A Rights-based Approach to Disaster Risk Reduction | |||||||||
A short think piece contributed to the Stockholm+50 process (June 2023)
Abstract
Over the past 70 years, the world's population has risen by 87%, but the population living in flood-prone river basins has increased by 114% and typhoon-exposed coastlines by 192%. More than half of the world's urban populations are lying in seismic zones. Disasters happen when people living in vulnerable areas are exposed to a natural (or man-made) hazard. Disasters are an indicator of developmental and environmental failures. Such events are also influenced by other factors such as poverty and inequality, unsustainable production and consumption patterns, or poorly managed cities. Land use changes that are eroding natural buffers protecting communities from hazards also affect their capacity to recover from disasters. Other environmental changes, such as water scarcity, climate change, biodiversity loss and chemical pollution increase the future risk of disasters and create new challenges for vulnerable communities, emphasizing the need for disaster risk reduction (DRR). The genesis for a rights-based approach to DRR began with the Hyogo Framework of Action, adopted in Kobe, Japan (2005) that advocated a shift from disaster management to DRR: "Disaster risk is increasingly a global concern and its impact and actions … points to a future where disasters could threaten global economic growth." Advancing this concept, the Sendai Framework of Action, adopted in Sendai, Japan (2015), includes, for the first time, an explicit reference to human rights, calling for DRR activities to be implemented while promoting and protecting all human rights. Human rights are concerned with people's critical freedoms. It requires both protecting people from disaster risks and empowering them to take charge of their own lives. Rules of law and democratic governance implies a 'top-down approach', while empowerment underscores the role of people as key actors and implies a 'bottom-up' approach. Both approaches emphasize that people must be protected when facing disasters.
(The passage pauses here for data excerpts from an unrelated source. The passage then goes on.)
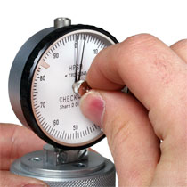 Checkline HP Series durometers are designed to measure the hardness or firmness of a wide variety of parts and test samples. This unit is designed in accordance with ASTM and DIN quality standards which specifies the bottom contact area (working diameter), sensing pin configuration and internal spring forces. Additionally, the displacement of the sensing pin, relative to the dial indicator, is specified by these standards. The HP series provides an analog dial indicator calibrated for a range of 0-100 Shore units along with Min/Max markers, which are available to provide a visual indication of the acceptable hardness range. All Check-Line Durometers feature a unique spring-operator test pressure shell, which helps insure that similar test pressures are used for each measurement. This system significantly enhances the measurement repeatability, especially between different operators. Oversized flat bottom surface makes position of working face (area of contact as specified in ASTM/DIN Standards) convenient and consistent which limits variability between operators.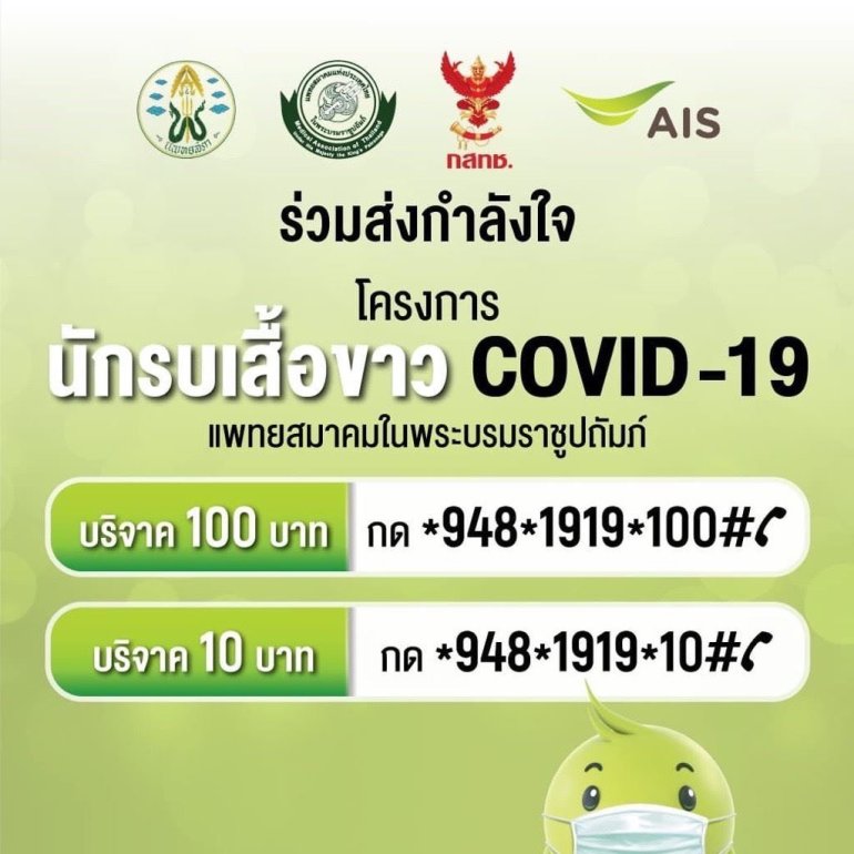 จากสถานการณ์แพร่ระบาดของเชื้อไวรัส COVID-19 ในประเทศไทย ล่าสุด AIS (เอไอเอส) ขอร่วมเป็นส่วนหนึ่งของการเป็นช่องทางให้คนไทยร่วมส่งกำลังใจ ผ่านการบริจาคเงินให้แก่บุคลากรทางการแพทย์ผู้ปฏิบัติหน้าที่อย่างเสียสละ ภายใต้โครงการ “นักรบเสื้อขาว COVID-19 แพทยสมาคมในพระบรมราชูปถัมภ์” ในการสนับสนุนจากแพทยสภา แพทยสมาคมแห่งประเทศไทย สำนักงานคณะกรรมการกิจการกระจายเสียง กิจการโทรทัศน์ และกิจการโทรคมนาคมแห่งชาติ หรือ กสทช. โดยเปิดช่องทางให้คนไทยที่ใช้มือถือทุกเครือข่าย มีส่วนร่วมบริจาคเงินได้ง่ายๆ ผ่าน USSD เพื่อร่วมสนับสนุนการปฏิบัติหน้าที่ของแพทย์ พยาบาล และเจ้าหน้าที่ด้านสาธารณสุขทุกระดับ ที่กำลังทุ่มเทแรงกาย แรงใจอย่างหนัก ในการต่อสู้กับโรคร้ายซึ่งมีแนวโน้มที่จะมีจํานวนผู้ป่วยเพิ่มขึ้นต่อเนื่อง สำหรับลูกค้าเอไอเอส สามารถบริจาคเงินได้ง่ายๆ ผ่าน 2 ช่องทาง ดังนี้ บริจาค 100 บาท กด *948*1919*100# แล้วโทรออก บริจาค 10 บาท กด *948*1919*10# แล้วโทรออก นายปรัธนา ลีลพนัง หัวหน้าคณะผู้บริหารกลุ่มลูกค้าทั่วไป เอไอเอส กล่าวว่า “นอกจากคนไทยทุกคนจะมีส่วนช่วยยับยั้งการแพร่ระบาดของเชื้อไวรัส โดยเพิ่มระยะห่างทางสังคม หรือ…กองบรรณาธิการ BT | 2127 days ago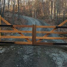 Tri State Gate Installed This Rustic Cedar Entry Gate On A Ranch Property In New York Although The Wooden Gates Driveway Driveway Gate Entrance Gates Driveway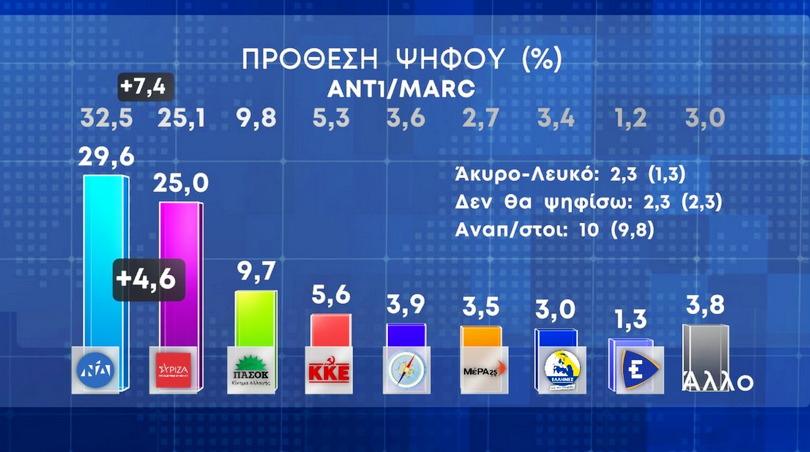 Συγκεκριμένα, στην πρόθεση ψήφου στη δημοσκόπηση της Marc, η Νέα Δημοκρατία, καταγράφει 29,6% και ακολουθεί ο ΣΥΡΙΖΑ, με 25%. Το ΠΑΣΟΚ, είναι τρίτο με ποσοστό 9,7% και στη συνέχεια το ΚΚΕ, με 5,6%, η Ελληνική Λύση, με 3,9%, το ΜεΡΑ25, με 3,5% και το Εθνικό Κόμμα Έλληνες, με 3%. Οι αναποφάσιστοι φτάνουν στο 10%.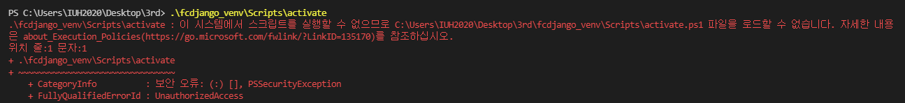 시스템에서 스크립트를 실행할 수 없으므로 evenv\Scripts\activate.ps1 파일을 로드할 수 없습니다. 자세한 내용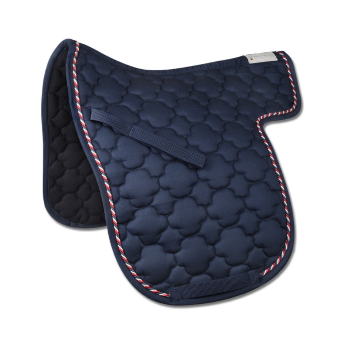 Anatomisk formet islænder underlag fra Waldhausen med blomsterquiltning og dekorativ pipes. Undersiden er i svedabsorberende og åndbart materiale. 300 g/m² polstring og 8 mm skum sikrer enestående trykfordeling og stødabsorbering til hestens ryg. Nylonstropper med velcro til fastgørelse.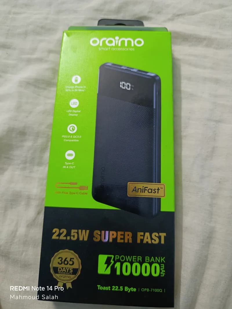 متاح باور بانك من شركة اورايمو 10000 مللي امبير *** واط سرعة الشحن بيشحن شحن سريع 100٪ تقريبا في ساعة واحدة شاشة ليد لعرض سعة الشحن مدخلين USB ومدخل type-C الجهاز حالة الزيرو متلمسش خالص هو اتفتح فقط من العلبة. . سبب البيع جبت فون جديد ومعوتش ف حاجة *** مجاني لأي مكان بالجيزة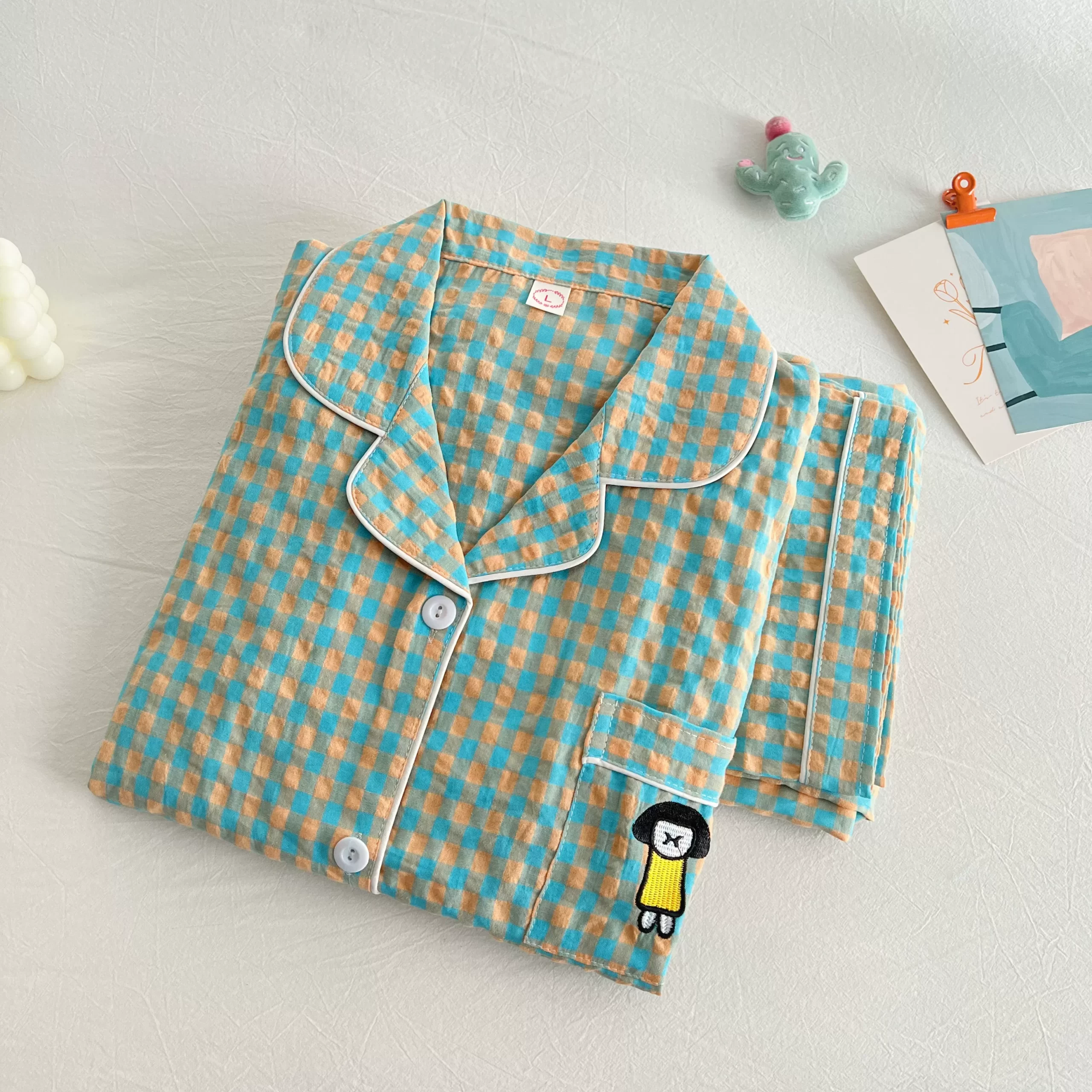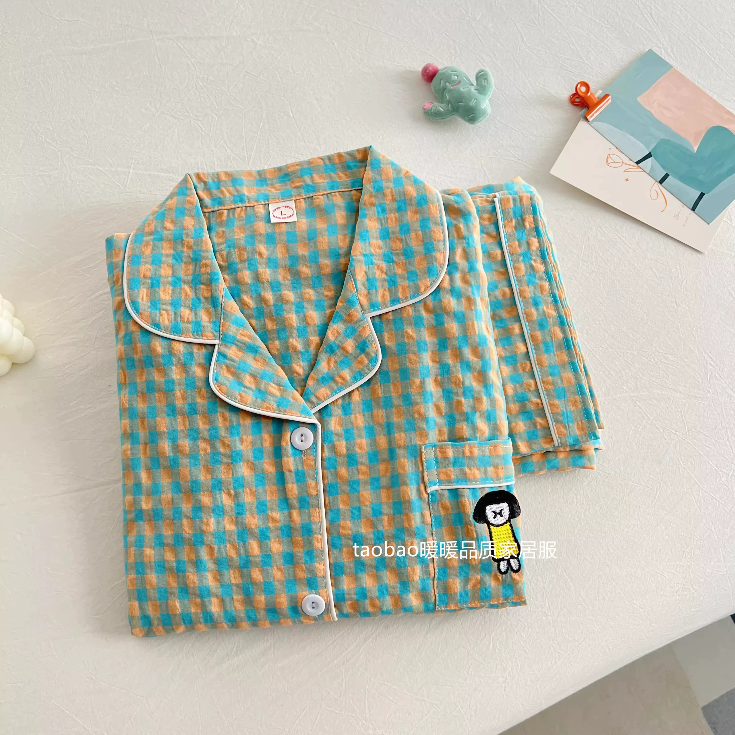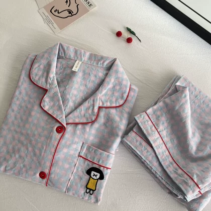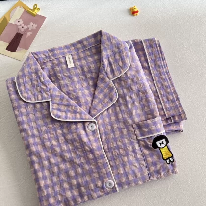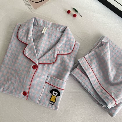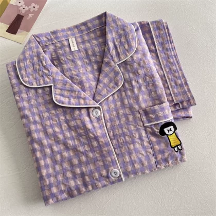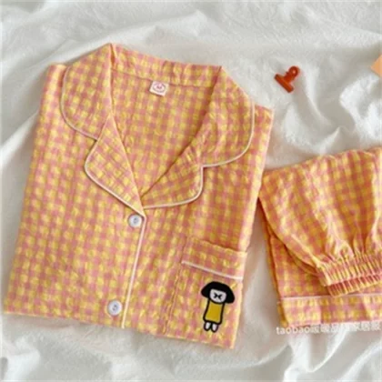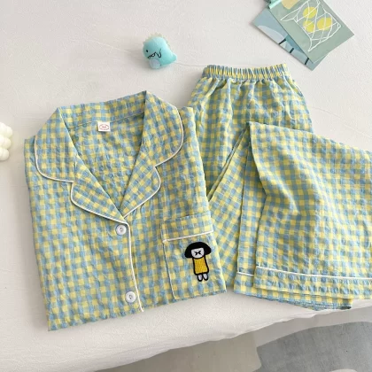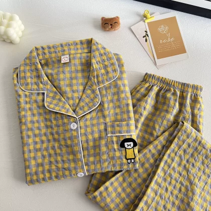 | nameOriginal | Cotton and linen women's 2023 summer Japanese plaid pajamas |

Often, disaster impacts also result in serious infringements of human rights (for example, access to aid). DRR issues are also influenced by legal systems that protect human rights and this imposes positive obligations on governments to undertake legislative and governance measures to prevent harm from disasters. DRR policies, strategies and programmes should target inequality and exclusion and be guided by a human rights-based approach, since disasters are consequences of natural hazards interacting with vulnerable socio-environmental conditions. It calls for communities to be empowered to build a resilient life, while holding governments accountable, and obliging them to provide the necessary aid and assistance before and after a disaster.
But challenges remain - we need to ensure DRR initiatives are implemented through a rights-based approach, and clarify how human rights relevant to DRR are implemented in practice. Such an approach reminds us that increased accountability and empowerment for DRR will remain a priority for the future.